Kansas jobs grew at a 1.1 percent rate over the past year, according to one BLS survey. Jobs grew at a 3 percent rate in Colorado in the same period. Oklahoma grew jobs at a 1.7 percent rate and Missouri at 1.5 percent. Nebraska jobs grew at a 0.9 percent rate.
In June, the Bureau of Economic Analysis said the Kansas economy grew 1.9 percent in 2013, the first full year of the Brownback tax cuts. In Colorado, the growth rate was twice as high — 3.8 percent.
Growth in Nebraska and Oklahoma was also higher than in Kansas.
Missouri’s growth, at 0.8 percent, lagged behind, the bureau said.
Claim: “We’ve invested more money in our K-12 schools.” — May 2014
Incomplete and therefore misleading.
In fiscal year 2009 — the last fiscal year before the recession and before federal stimulus spending began — Kansas spent $4,400 in base state aid per pupil. Next year it will spend $3,852 per student.
But taxpayers spend more on schools than just the basic per-pupil rate. Brownback argues that when all state aid for education is counted, the total state investment per pupil in fiscal year 2015 will be $7,175. That’s $10 per pupil more than fiscal year 2009.
Brownback’s additional school spending can be almost completely attributed to increased contributions to the state’s pension system and capital improvement aid for districts, not on teacher salaries, books or other operational costs.
When pension spending and capital aid are subtracted, state support for Kansas schools was roughly $100 million higher in fiscal year 2009 than in fiscal year 2014.
To be fair, school spending in Kansas began to dip in fiscal year 2010, the year before Brownback took office. The impact of that slump was reduced that year, though, because of federal education stimulus spending in the state.
Claim: The Kansas poverty level has been “flat” during the current administration. — March 2014
This claim depends on the definition of “flat” and the definition of poverty.
Census Bureau figures show poverty in Kansas grew during the first two years of the Brownback administration.
In 2010, the year before Brownback took office, 13.6 percent of Kansans were living below the poverty level. In 2012, 14 percent of Kansans lived below the poverty level, the highest percentage since at least 2008.

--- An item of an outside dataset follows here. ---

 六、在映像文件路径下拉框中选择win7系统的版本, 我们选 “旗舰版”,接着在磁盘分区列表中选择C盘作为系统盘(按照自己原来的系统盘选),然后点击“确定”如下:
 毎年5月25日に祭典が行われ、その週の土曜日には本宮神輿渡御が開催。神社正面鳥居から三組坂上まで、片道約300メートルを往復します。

Figures for 2013 are not yet available. In an email, Brownback’s office said the poverty claim is related to poverty for children, not the overall rate.

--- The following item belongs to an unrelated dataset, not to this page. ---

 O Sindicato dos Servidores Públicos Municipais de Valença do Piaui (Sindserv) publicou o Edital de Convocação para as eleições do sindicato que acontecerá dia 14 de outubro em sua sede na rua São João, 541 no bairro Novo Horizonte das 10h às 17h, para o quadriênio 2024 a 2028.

Brownback’s office points to data showing the percentage of children living in poverty was essentially flat in 2011 and 2012, although the actual number of those children grew by about 1,000.
In a March speech when he was asked about the state’s poverty level, Brownback conceded that he had not made a lot of progress on the problem of child poverty.

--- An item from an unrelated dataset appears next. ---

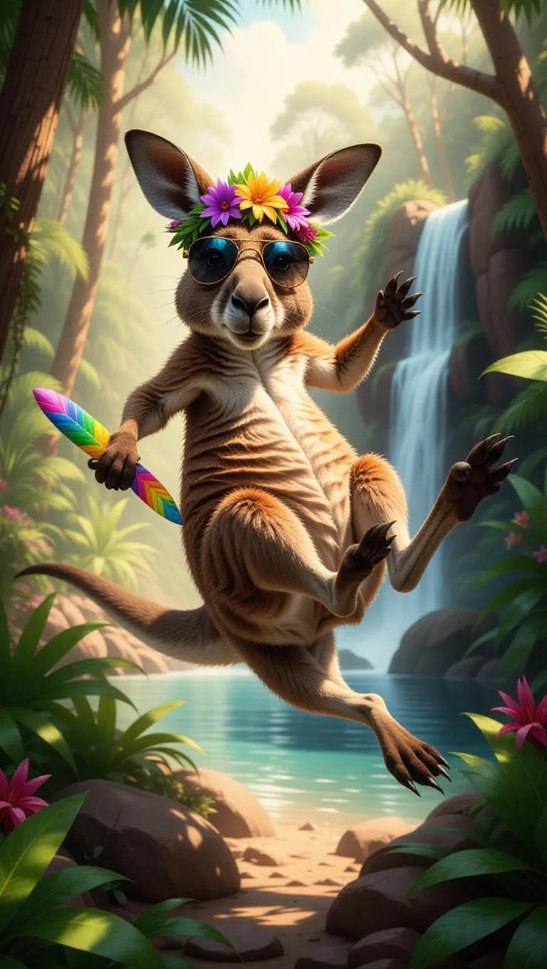An adventurous kangaroo hops through the lush rainforests of Queensland, Australia, gripping a colorful boomerang in its paw. The kangaroo wears a tropical flower crown and aviator sunglasses, its pouch filled with local fruits. Towering trees and vibrant flora create a rich tapestry around it. In the background, a waterfall cascades into a crystal-clear pool. The air is alive with the sounds of chirping birds and rustling leaves.

“We really haven’t had enough time to get at that issue,” he said. “We’ve really got to do a lot more work in that area.”
Claim: “We are not going to cut anybody off of Medicaid. Nobody will be cut off of Medicaid. We are not cutting provider benefits.” — October 2012
The claim is incomplete. Some people are getting less coverage from Medicaid than before, while a larger number of people have seen increases by KanCare, the state’s Medicaid overhaul.
The companies that manage care for the program — Amerigroup, Sunflower State Health Plan and UnitedHealthcare — reduced services last year for about 1,300 people receiving home and community-based services.
Brownback administration officials say those reductions should be balanced against additional services for some patients and a reduced waiting list. Today, roughly 3,200 Kansans are getting more services under Medicaid than were provided previously. KanCare is providing more services than before, such as heart transplants and bariatric surgery, a spokeswoman said.